* [SOURCE MATERIAL]:
--

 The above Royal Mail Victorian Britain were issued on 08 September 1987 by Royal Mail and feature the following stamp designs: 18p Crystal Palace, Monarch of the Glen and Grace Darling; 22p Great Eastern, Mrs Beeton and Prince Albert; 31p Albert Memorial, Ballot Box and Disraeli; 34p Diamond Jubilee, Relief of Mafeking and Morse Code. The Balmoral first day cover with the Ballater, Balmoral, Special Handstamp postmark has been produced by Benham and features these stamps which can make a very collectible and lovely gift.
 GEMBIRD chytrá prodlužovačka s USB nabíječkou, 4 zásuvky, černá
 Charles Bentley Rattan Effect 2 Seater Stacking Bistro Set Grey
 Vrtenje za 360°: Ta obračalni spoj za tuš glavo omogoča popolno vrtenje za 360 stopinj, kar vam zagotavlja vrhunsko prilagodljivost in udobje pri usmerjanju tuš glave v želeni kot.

--

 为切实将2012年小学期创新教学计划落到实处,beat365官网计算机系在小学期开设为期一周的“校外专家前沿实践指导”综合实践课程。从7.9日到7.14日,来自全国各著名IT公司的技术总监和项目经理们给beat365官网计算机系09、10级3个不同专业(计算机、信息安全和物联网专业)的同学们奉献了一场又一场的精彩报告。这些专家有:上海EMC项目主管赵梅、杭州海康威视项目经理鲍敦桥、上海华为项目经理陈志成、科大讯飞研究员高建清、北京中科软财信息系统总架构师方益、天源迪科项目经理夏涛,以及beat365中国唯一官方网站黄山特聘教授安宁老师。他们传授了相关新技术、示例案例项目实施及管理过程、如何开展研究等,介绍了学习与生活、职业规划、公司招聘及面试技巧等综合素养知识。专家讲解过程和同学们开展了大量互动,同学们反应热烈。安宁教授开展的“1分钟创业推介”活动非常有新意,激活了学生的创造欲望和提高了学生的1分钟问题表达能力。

--

All lines above from the one containing "Charles Bentley Rattan" to the one containing "Vrtenje za 360°: Ta" must be repeated exactly, both lines included, and no others.

* [WRITTEN REPLY]:
 Charles Bentley Rattan Effect 2 Seater Stacking Bistro Set Grey
 Vrtenje za 360°: Ta obračalni spoj za tuš glavo omogoča popolno vrtenje za 360 stopinj, kar vam zagotavlja vrhunsko prilagodljivost in udobje pri usmerjanju tuš glave v želeni kot.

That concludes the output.